Hello, if you have any need, please feel free to consult us, this is my wechat: wx91due
Homework #4
EE 541: Fall 2024
Due: Sunday, 13 October at 22:00. Submission instructions will follow separately on brightspace.
1. Backprop by Hand
Consider an MLP with three input nodes, two hidden layers, and three outputs. The hidden layers use the ReLU activation function and the output layer users softmax. The weights and biases for this MLP are:
(a) Feedforward Computation: Perform the feedforward calculation for the input vector x = [ +1 − 1 + 1 ]T . Fill in the following table. Follow the notation used in the slides, i.e., s(l) is the linear activation, a(l) = h(s(l)), and a˙(l) = h˙(s(l)).
l: |
1 |
2 |
3 |
s(l) : |
|
|
|
a(l) : |
|
|
|
a˙(l) : |
|
|
(not needed) |
l: |
1 |
2 |
3 |
δ(l) : |
|
|
|
W(l): |
|
|
|
b(l) : |
|
|
|
2. Logistic regression
The MNIST dataset of handwritten digits is one of the earliest and most used datasets to benchmark machine learning classifiers. Each datapoint contains 784 input features – the pixel values from a 28 × 28 image – and belongs to one of 10 output classes – represented by the numbers 0-9.

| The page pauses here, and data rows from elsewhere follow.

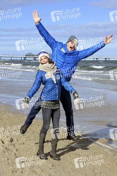 Gerit Kling mit Ehemann Wolfram Becker beim Baltic Lights 2023 Charity-Hunderennen zu Gunsten der Welthungerhilfe zwischen der Seebrücke Ahlbeck und der Seebrücke Heringsdorf. Heringsdorf, 04.03.2023
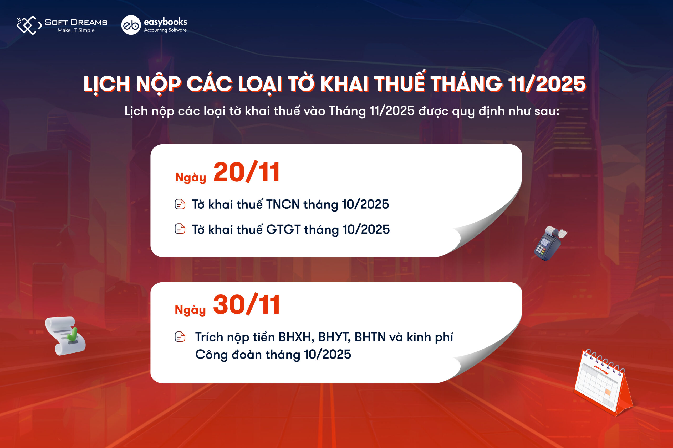 Việc nắm rõ lịch nộp báo cáo thuế đúng hạn là rất quan trọng đối với các doanh nghiệp để tránh bị xử phạt do trễ nộp. Hãy cùng Phần mềm Kế toán EasyBooks tìm hiểu về Lịch nộp báo cáo thuế tháng 11/2025 qua bài viết sau đây.
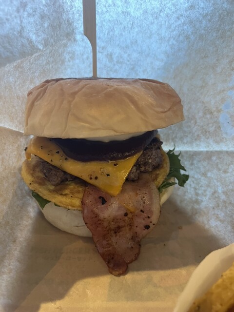 ビーフバティ、チーズ、スクランプルエッグ、ベーコン、レタス
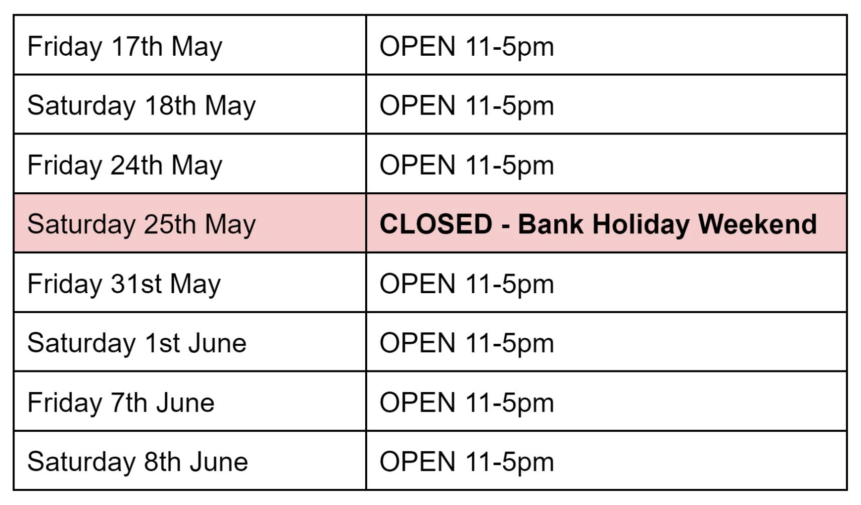Gallery Opening Times
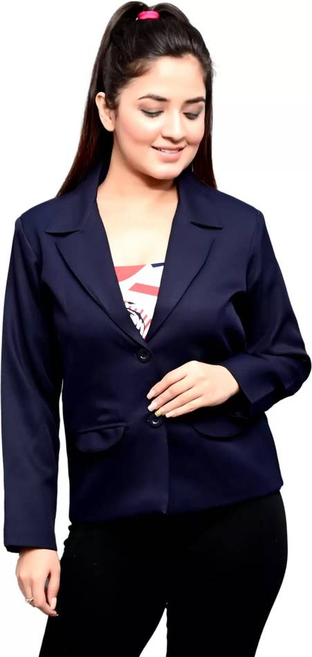 Women Solid Single Breasted Casual Blazer (Blue)
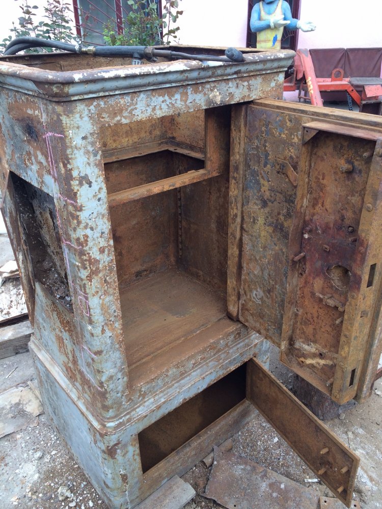 Якщо вірити польським надписам на стінах ( повітре у Львові їх збереглась велика кількість). підвали явно колись використовували під склад крамниці, яка розміщина над ними. Та за совдепії їх провто захлами майже до потолка. Після 5 камазу сміття в кутку надибали ось такий собі панцерник. А , що головне закритий и ключ в замку але обломаний. Ну звісно , вже про себе ділили мерси. Пізно ввечері, ( ключі залишились у нас - бо напліли , що працюем до ночі і т. д.)озроївшись всім інструментом , почали бавитись у ведмежатників. Як на диво WD 40 і пасатіжи створили чудо вже через 5 хвилин. Відкриваєм...
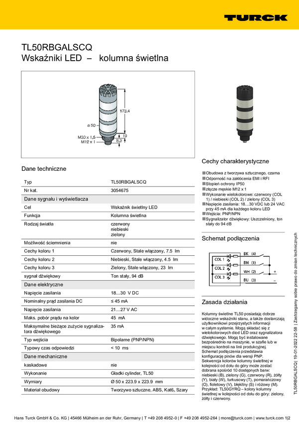 3054675 Sygnalizator łączony Turck TL50RBGALSCQ
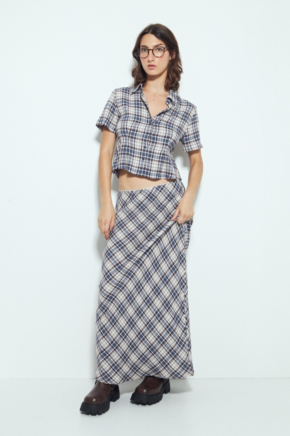 Falda larga a cuadros de silueta fluida y caída liviana, pensada para acompañar el movimiento con un calce cómodo y actual. Su diseño aporta un aire relajado pero pulido, ideal para armar conjuntos coordinados o combinar con básicos y lograr looks en tendencia. Una prenda versátil que se adapta al día a día y a propuestas más cancheras.
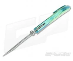 The custom Curvo folder made by Alan Folts is a wild and curvaceous design with striking visual appeal in both the shape and materials. This piece is Alan’s “Standard” version with two-tone CPM-154 stainless steel blade, Florentine textured and anodized bolsters, clip and backspacer and Glow-in-the-Dark Kirinite acrylic handle scales. The impressive Curvo is sure to make a statement where ever it goes.
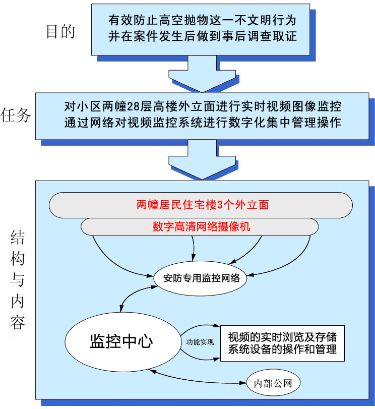 在此情況下,為了進一步的對高空拋物這種危害極大的不文明行為進行制止,我們需要建設(shè)一套全數(shù)字高清化的視頻監(jiān)控系統(tǒng)。通過以文明行為宣傳為主,監(jiān)控管理為輔的方式,有效的對高空拋物這一不文明行為進行制止,同時也能夠在拋物事件發(fā)生后,做到事后取證并追究相關(guān)人員的法律責任。
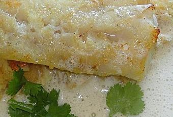 Passez les dos de cabillaud dans un plat sous la grille chaude du four pendant 3 minutes en vérifiant la couleur et la cuisson arroser 2 ou 3 fois avec le jus de cuisson (jus orange).
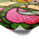 Das Hotel bietet ein Jugendstil-Blumenfenster-Design. In den Farben Gold, Grün, Rosa. Weiße Reisungen und violette Blumen.
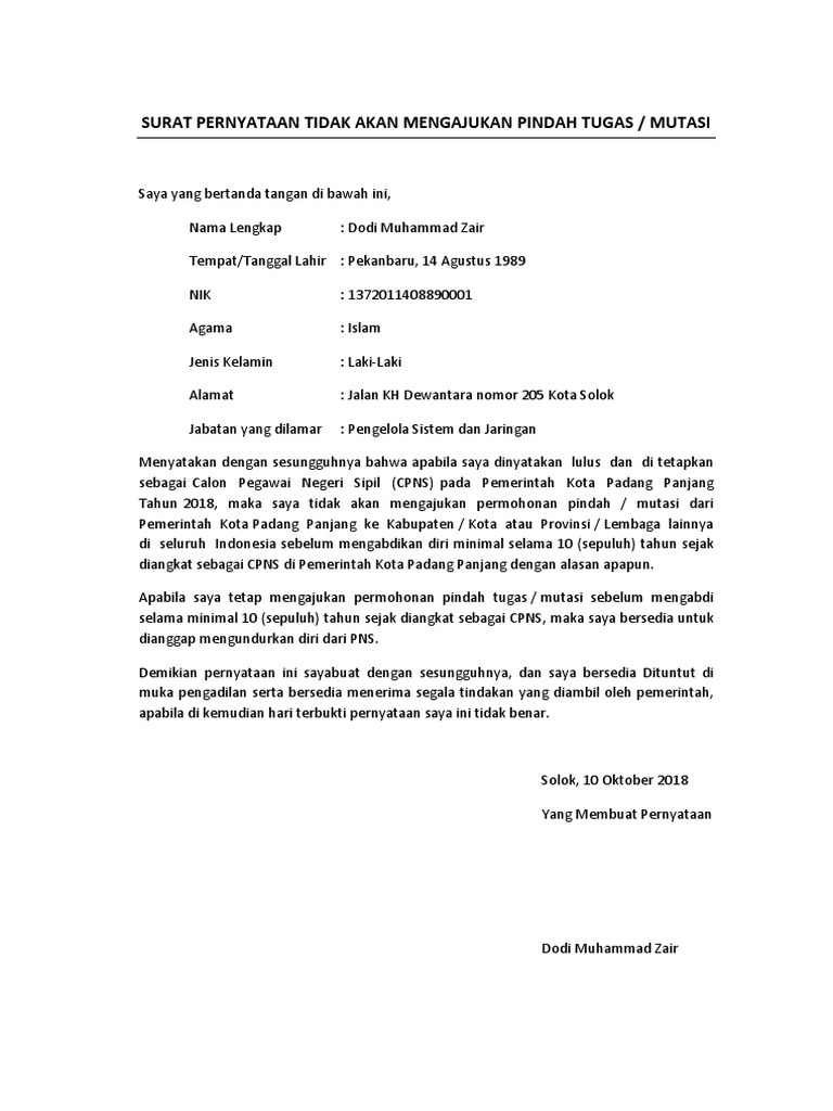 Surat pernyataan pimpinan perangkat daerah tentang tidak pernah dijatuhi hukuman disiplin tingkat sedang atau berat. Contoh surat lamaran cpns 2019 baru kata kunci. Penutup surat pernyataan yang terdiri dari. Ini dia contoh surat pernyataan persetujuan untuk pns pindah bertugas di daerah yang lain. Namun pada beberapa kasus anda pun bisa mengajukan permohonan pindah tugas terutama untuk pns.
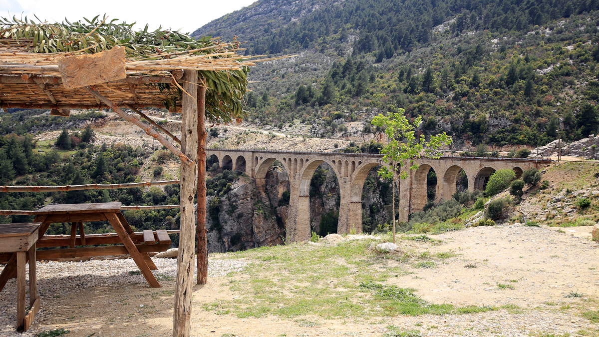 Nefis bir yemek yerken birden tren sesini duyacaksınız ve oturduğunuz yerden, daracık bir başka köprünün daha  olduğunu göreceksiniz. İki tünel arasındaki bu köprü, restoranın adeta içinden geçiyor. Şaşırmayın, tren yolu size o kadar yakın. Dağın içerisinden bir tren çıkıyor ve gözden yine kayboluyor.
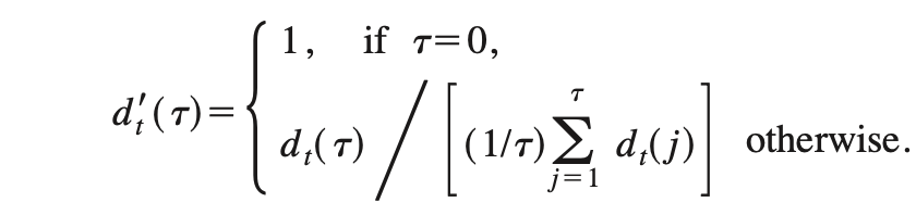 이 함수는 0이 아닌 1부터 시작하고, d(t)가 평균 이하로 떨어지는 경우에만 1 이하로 떨어짐.
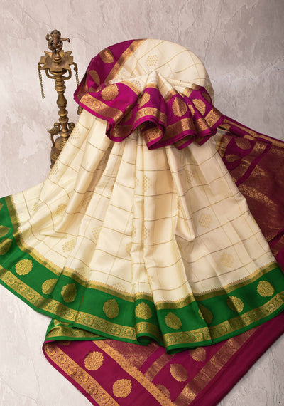 Off White Pure Mysore Crepe Silk Zari Checks Saree with Ganga Jamuna Borders | SILK MARK CERTIFIED
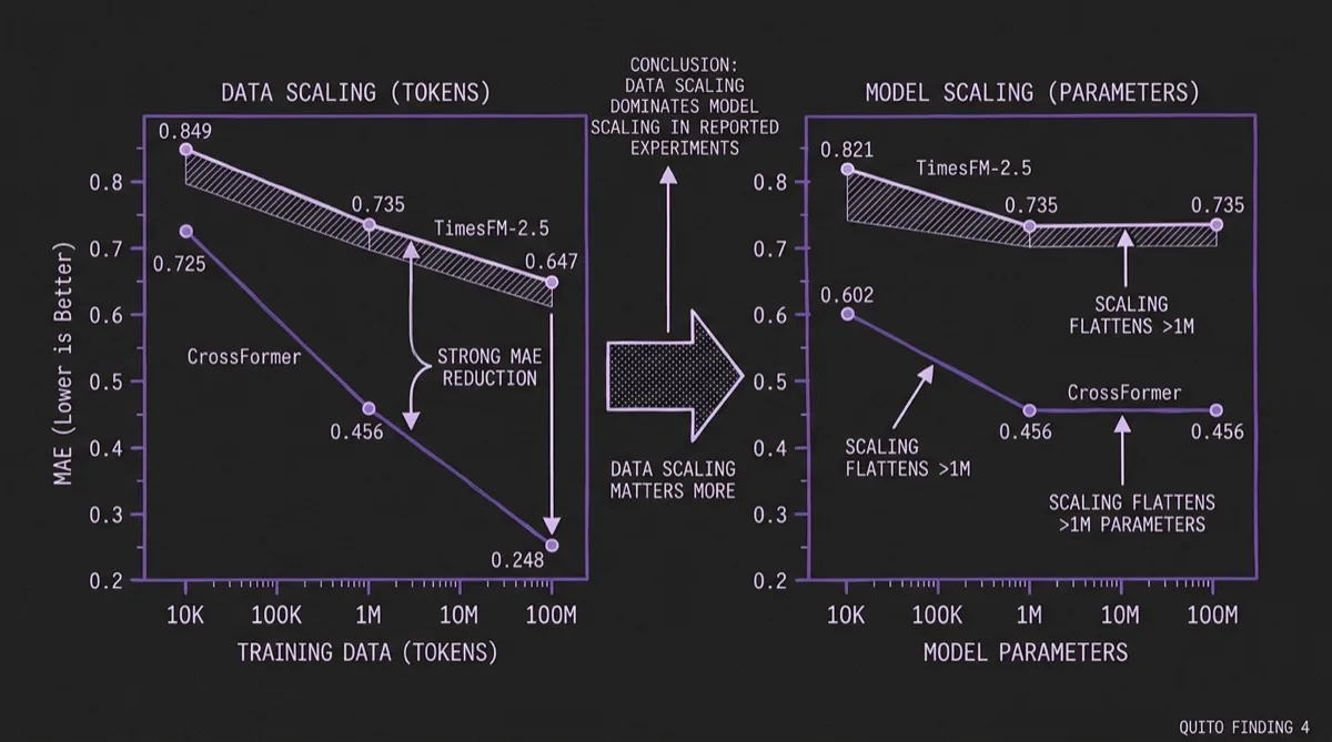 That result is especially actionable for Timer-S1-style large-scale pretraining investments. For a fixed compute budget, increasing training data appears more valuable than simply increasing parameter count, at least up to roughly ~200M parameters and ~100M tokens in this study.

In this problem you will use numpy to classify input images using a logistic-regression. Use only Python standard library modules, numpy, and mathplotlib for this problem.
(a) Logistic “2” detector
In this part you will use the provided MNIST handwritten-digit data to build and train a logistic “2” detector:
A logistic classifier takes learned weight vector w = [w1 , w2 ,...wL]T and the unregularized offset bias b 纟 w0 to estimate a probability that an input vector x = [x1 , x2 ,..., xL]T is “2”:
Train a logistic classifier to find weights that minimize the binary log-loss (also called the binary cross entropy loss):
where the sum is over the N samples in the training set. Train your model until convergence according to some metric you choose. Experiment with variations of ℓ1- and/or ℓ2-regularization to stabilize training and improve generalization.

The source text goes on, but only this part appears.